--- Raw data ---
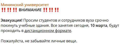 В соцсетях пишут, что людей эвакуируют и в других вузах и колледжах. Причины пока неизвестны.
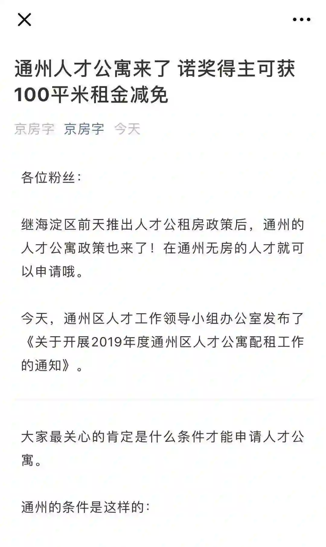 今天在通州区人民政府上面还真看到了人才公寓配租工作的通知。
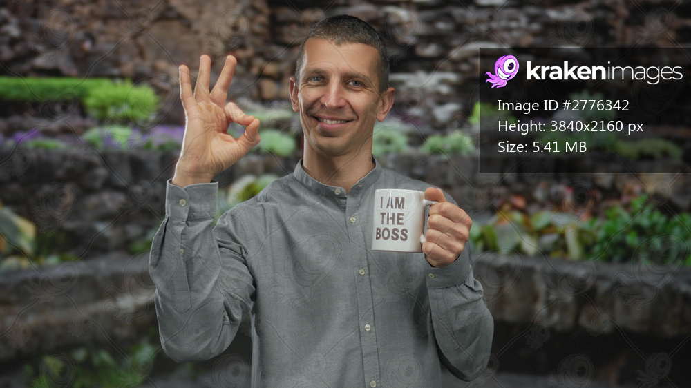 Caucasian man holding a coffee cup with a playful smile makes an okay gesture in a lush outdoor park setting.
---
--- Raw data ---
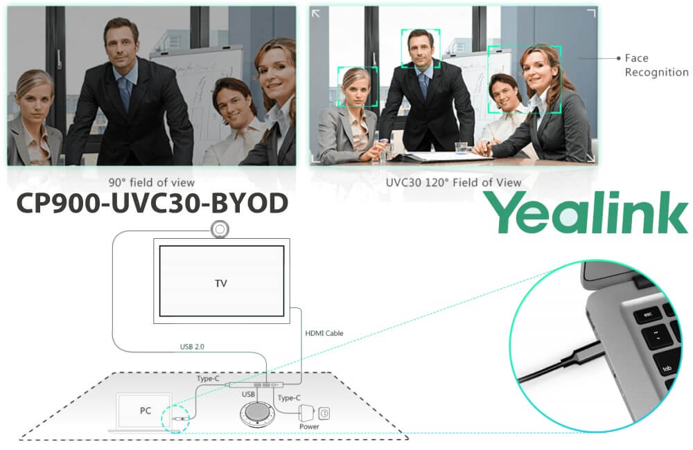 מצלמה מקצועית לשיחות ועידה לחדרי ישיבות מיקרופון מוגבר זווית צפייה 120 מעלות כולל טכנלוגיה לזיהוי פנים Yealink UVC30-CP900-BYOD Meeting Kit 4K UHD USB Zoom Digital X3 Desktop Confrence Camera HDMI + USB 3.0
---
Your answer is the exact run of lines above from the one with "В соцсетях пишут, что" through the one with "Caucasian man holding", both ends included, minus any picture.

**Result of the exercise**
 В соцсетях пишут, что людей эвакуируют и в других вузах и колледжах. Причины пока неизвестны.
 今天在通州区人民政府上面还真看到了人才公寓配租工作的通知。
 Caucasian man holding a coffee cup with a playful smile makes an okay gesture in a lush outdoor park setting.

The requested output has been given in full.